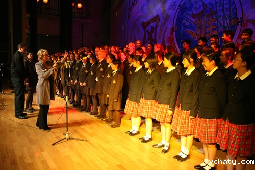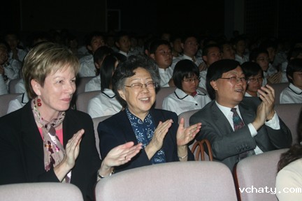 10月8日下午,姊妹校澳大利亚悉尼女子高校4位老师和49位同学在Margaret Varady校长的带领下来我校进行友好交流,两校同学同台演出精彩的合唱、舞蹈和管弦乐演奏等节目,北师大艺术与传媒学院院长黄会林教授应刘沪校长邀请出席联欢会。
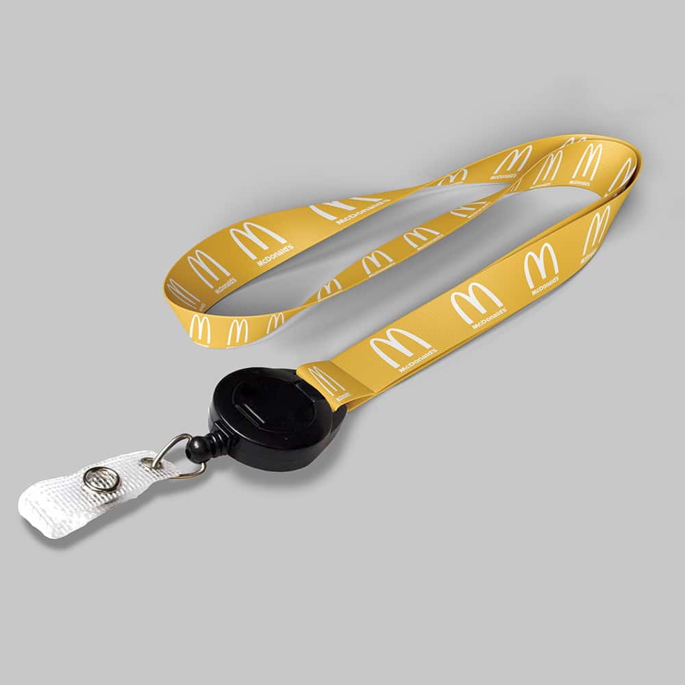 Our Yellow 1″ lanyard is a top selling promotional product. It comes standard with a Black Badge Reel. The attachment makes it easy to affix products onto the lanyard itself. This product features a 36″ standard length and 1″ width. Unlike other vendors, our lanyards come printed on both sides and we can PMS color match if needed. We also offer full color printing. Lanyards are great for trade shows, giveaways, employees, company picnics, business seminars or any type of business looking. 1″ L x 36″ W x 36″ H
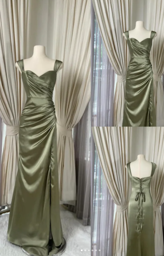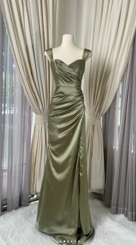 Niulatu V-neck Sheath Satin Prom Dresses, Oliver Green Formal Evening Dresses HZ1026
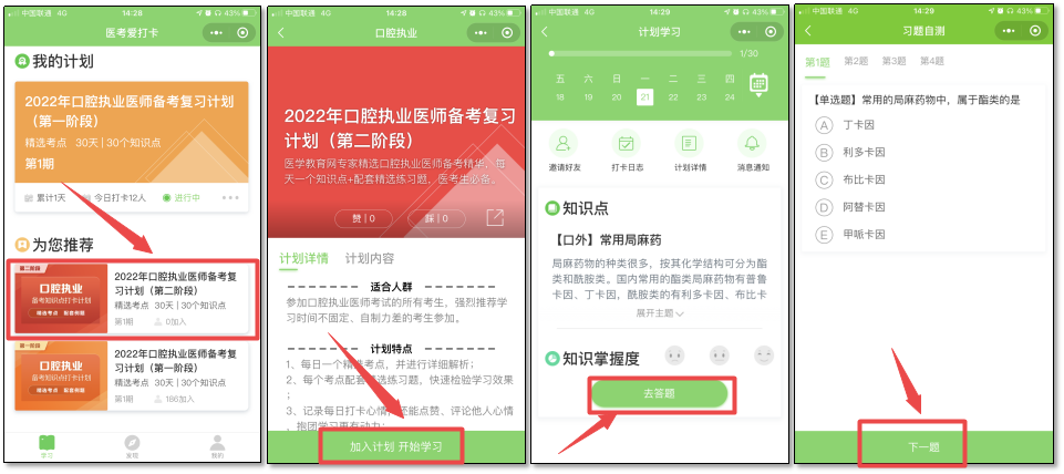 第三步:選擇備考科目后即進入學習計劃選擇的頁面,請選擇“您的備考計劃”,如口腔執(zhí)業(yè)醫(yī)師備考復習計劃(第二階段),然后點擊下方“加入計劃 開始學習”按鈕,開始正式進入打卡學習。
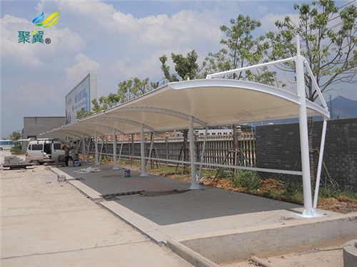 膜結構車棚的修建是在國內現是已十分盛行且是常見的。從大大小小的廣場是到現在的城市標志性的修建,包含是許多咱們的像不能是占用許多當地的需求遮陽的場所,通常都是有膜結構的車棚修建的身影,但眾所不知的是,膜結構的車棚資料的稀缺則是讓這一簡便、節能的新式修建資料一時無法很多遍及。膜結構車棚具有十分良好的承載功能,能以是很小的厚度接受相當大的荷載。膜結構車棚的強度是和剛度主要的是使用了其幾許形狀的合理性,是以資料直接是受壓來替代曲折內力,然后是充分的發揮資料的潛力。因此的膜結構車棚是一種強度高、剛度大、資料省的即經濟是又合理的一些構造方
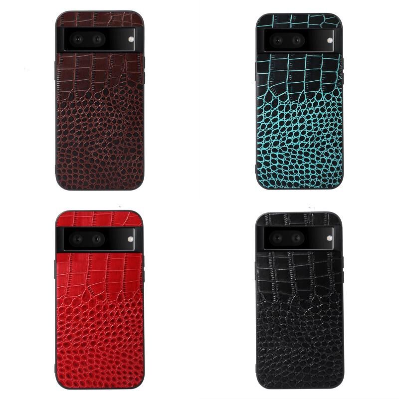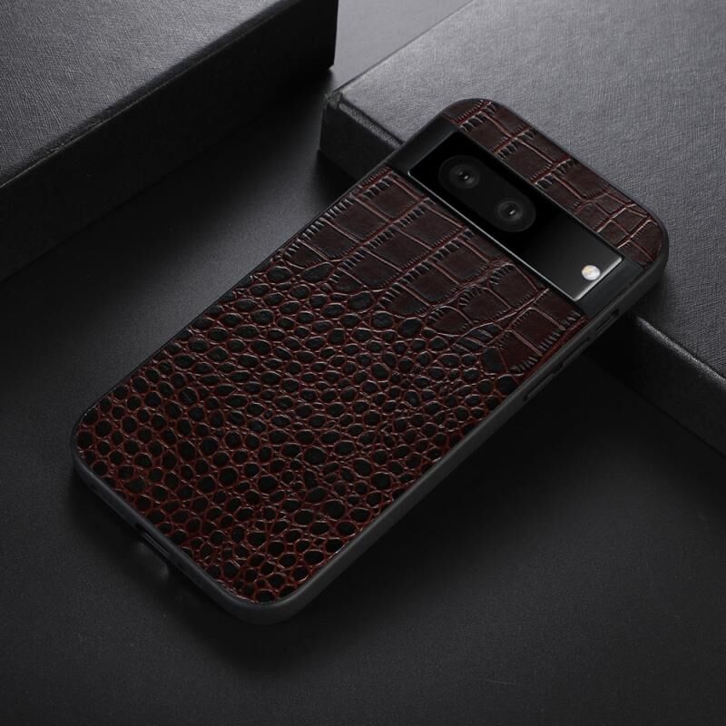 Θήκη τηλεφώνου από γνήσιο δέρμα αγελάδας με επικάλυψη κροκόδειλου για Google Pixel 7 5G (Καφέ)
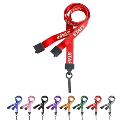 Great Quality Printed Staff Lanyards, Staff is Printed in White Both Sides of the Lanyard so Staff Will always Been Shown. Each staff Lanyard Comes With a Safety Breakaway Clip. This Stop You From Being Strangled if Caught of Pulled. Great for Identify your staff at work from visitors or non employees with these staff lanyards Accessories with card holders or pockets from our store 8 Colours To Choose From Black, Blue, Red, Pink, Green, Purple and Grey. We can also do Orange if Needed. You can also search for staff badge holder,staff neck lanyard,staff lanyards with card holders,staff lanyards and badge holders
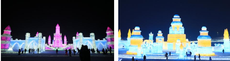 园区的入口景观在“开启冰雪之旅区”通过大体量冰块砌筑观景墙,并有“哈尔滨冰雪大世界”的字样展示,有集散作用。规划设计的冰雪大世界主题乐园形象大门——“冰城之约”景观作为迎宾景观,其设计灵感来源于丝绸与长城的相互交融,象征着哈尔滨冰雪大世界主题乐园在过去 20 年的冰雪历程和冰雪文化的发展与传承,彰显了园区整体形象;“永恒冰琴”景观采用冰雕方式将琴键设计成与游客互动的设施,游客踩踏位置与力度的不同,发出的琴声也不同,并可自动调节光源的强弱与颜色。
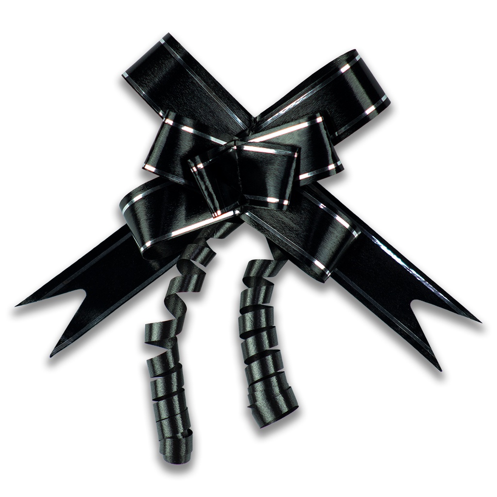 Perfeito para datas comemorativas: De Natal a aniversários, o laço preto com listas prateadas metalizado é uma escolha clássica e encantadora.
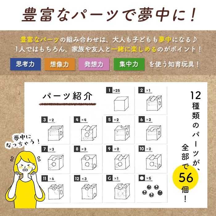 ・思考力・想像力・発想力・集中力を使う知育玩具。12種類のパーツが全部で56個。豊富なパーツの組み合わせは大人も夢中になる難しさ♪1人ではもちろん、家族や友人と一緒に楽しめる!
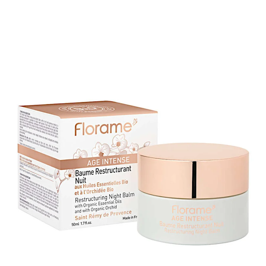 Pour peaux matures, le Baume Restructurant Nuit Florame de la gamme Âge Intense contribue à revitaliser et sublimer la peau pendant la nuit.

◆ **AIM OF THE EXERCISE**: In the entries above, every line from the line with "膜結構車棚的修建是在國內現是" to the line with "Θήκη τηλεφώνου από" is to be printed exactly, with both ends included and pictures excluded.

◆ **PROBLEM SOLUTION**:
 膜結構車棚的修建是在國內現是已十分盛行且是常見的。從大大小小的廣場是到現在的城市標志性的修建,包含是許多咱們的像不能是占用許多當地的需求遮陽的場所,通常都是有膜結構的車棚修建的身影,但眾所不知的是,膜結構的車棚資料的稀缺則是讓這一簡便、節能的新式修建資料一時無法很多遍及。膜結構車棚具有十分良好的承載功能,能以是很小的厚度接受相當大的荷載。膜結構車棚的強度是和剛度主要的是使用了其幾許形狀的合理性,是以資料直接是受壓來替代曲折內力,然后是充分的發揮資料的潛力。因此的膜結構車棚是一種強度高、剛度大、資料省的即經濟是又合理的一些構造方
 Θήκη τηλεφώνου από γνήσιο δέρμα αγελάδας με επικάλυψη κροκόδειλου για Google Pixel 7 5G (Καφέ)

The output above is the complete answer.